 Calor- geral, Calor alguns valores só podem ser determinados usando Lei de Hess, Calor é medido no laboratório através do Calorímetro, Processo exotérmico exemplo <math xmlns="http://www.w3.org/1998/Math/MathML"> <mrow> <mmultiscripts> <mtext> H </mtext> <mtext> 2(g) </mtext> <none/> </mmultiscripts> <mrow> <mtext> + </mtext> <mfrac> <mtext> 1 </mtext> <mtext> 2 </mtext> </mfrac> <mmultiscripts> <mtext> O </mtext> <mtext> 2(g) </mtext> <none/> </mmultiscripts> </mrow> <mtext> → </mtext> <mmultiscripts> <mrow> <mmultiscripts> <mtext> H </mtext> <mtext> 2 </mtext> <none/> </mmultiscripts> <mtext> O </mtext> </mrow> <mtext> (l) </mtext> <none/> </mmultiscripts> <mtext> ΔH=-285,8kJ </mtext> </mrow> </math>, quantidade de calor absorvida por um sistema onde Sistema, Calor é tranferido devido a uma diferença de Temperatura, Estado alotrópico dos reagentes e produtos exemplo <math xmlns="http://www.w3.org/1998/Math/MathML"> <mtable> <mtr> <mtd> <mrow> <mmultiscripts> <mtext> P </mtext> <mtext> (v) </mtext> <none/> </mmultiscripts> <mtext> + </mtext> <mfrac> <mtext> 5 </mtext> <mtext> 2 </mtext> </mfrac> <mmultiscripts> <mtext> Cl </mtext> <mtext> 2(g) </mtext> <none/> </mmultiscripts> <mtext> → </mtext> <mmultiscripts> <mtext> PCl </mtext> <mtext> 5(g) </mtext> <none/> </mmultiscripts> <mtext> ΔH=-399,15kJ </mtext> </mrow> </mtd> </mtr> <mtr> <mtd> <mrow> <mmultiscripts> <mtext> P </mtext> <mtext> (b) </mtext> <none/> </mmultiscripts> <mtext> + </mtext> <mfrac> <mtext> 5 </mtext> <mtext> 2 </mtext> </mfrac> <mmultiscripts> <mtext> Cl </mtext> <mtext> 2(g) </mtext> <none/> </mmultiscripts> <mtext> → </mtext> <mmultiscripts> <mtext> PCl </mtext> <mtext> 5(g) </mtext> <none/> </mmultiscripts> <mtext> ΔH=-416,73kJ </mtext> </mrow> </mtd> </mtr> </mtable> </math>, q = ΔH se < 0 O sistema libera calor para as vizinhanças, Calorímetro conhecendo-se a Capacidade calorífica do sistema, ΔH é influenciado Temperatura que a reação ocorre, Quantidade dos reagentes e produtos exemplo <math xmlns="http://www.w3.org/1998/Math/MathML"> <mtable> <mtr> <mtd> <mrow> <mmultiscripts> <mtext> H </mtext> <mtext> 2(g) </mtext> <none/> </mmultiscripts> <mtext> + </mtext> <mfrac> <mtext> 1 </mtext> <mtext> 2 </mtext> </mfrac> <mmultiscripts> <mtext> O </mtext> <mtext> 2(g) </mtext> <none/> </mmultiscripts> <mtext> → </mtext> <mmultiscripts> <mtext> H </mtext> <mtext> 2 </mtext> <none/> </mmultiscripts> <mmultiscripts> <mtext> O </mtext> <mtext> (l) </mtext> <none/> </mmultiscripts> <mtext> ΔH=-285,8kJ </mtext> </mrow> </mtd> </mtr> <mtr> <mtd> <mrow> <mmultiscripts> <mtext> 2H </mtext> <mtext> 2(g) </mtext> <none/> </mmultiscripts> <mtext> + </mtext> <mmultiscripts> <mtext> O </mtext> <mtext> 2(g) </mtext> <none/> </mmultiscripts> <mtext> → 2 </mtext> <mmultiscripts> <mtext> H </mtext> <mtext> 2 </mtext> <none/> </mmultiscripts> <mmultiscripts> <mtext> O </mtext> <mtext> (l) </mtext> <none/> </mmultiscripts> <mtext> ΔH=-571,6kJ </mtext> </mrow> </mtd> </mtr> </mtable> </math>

::::

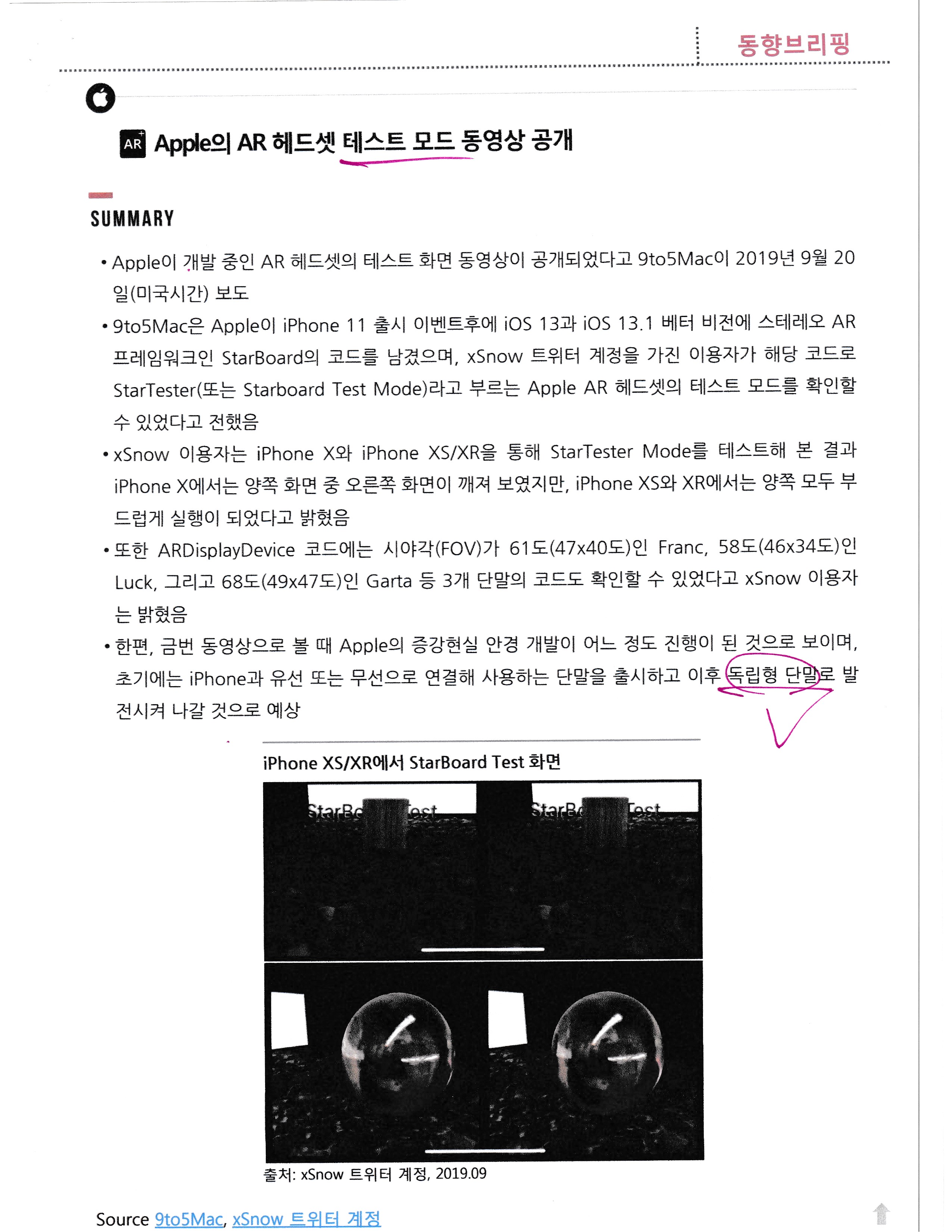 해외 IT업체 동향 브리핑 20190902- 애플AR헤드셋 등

::::

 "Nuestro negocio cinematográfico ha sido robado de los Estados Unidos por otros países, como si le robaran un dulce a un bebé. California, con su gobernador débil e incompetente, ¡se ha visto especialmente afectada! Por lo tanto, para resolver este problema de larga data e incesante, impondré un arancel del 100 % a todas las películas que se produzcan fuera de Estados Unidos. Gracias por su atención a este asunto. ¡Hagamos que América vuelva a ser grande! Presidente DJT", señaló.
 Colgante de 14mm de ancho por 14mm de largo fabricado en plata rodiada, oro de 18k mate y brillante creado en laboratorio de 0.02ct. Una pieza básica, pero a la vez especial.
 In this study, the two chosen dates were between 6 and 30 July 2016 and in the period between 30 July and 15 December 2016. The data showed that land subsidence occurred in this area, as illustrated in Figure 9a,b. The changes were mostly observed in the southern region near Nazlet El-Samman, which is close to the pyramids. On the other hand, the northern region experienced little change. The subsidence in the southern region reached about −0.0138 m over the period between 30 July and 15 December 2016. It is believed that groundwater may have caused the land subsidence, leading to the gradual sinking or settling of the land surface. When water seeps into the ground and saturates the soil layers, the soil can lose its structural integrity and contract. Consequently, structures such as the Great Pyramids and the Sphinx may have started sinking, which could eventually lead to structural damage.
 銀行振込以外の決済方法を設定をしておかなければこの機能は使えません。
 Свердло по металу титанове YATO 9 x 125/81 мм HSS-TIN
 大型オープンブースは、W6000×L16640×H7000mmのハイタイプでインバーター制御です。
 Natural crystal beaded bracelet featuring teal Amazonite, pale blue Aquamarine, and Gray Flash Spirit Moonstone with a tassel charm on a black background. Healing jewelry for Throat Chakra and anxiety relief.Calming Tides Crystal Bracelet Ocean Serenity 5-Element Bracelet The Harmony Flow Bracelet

::::

ABOUT THIS TASK:
Out of the data above, set down the lines from the one with "大型オープンブースは、W60" to the one with "Natural crystal beaded", both included, exactly as written and with no additions.

REPLY:
 大型オープンブースは、W6000×L16640×H7000mmのハイタイプでインバーター制御です。
 Natural crystal beaded bracelet featuring teal Amazonite, pale blue Aquamarine, and Gray Flash Spirit Moonstone with a tassel charm on a black background. Healing jewelry for Throat Chakra and anxiety relief.Calming Tides Crystal Bracelet Ocean Serenity 5-Element Bracelet The Harmony Flow Bracelet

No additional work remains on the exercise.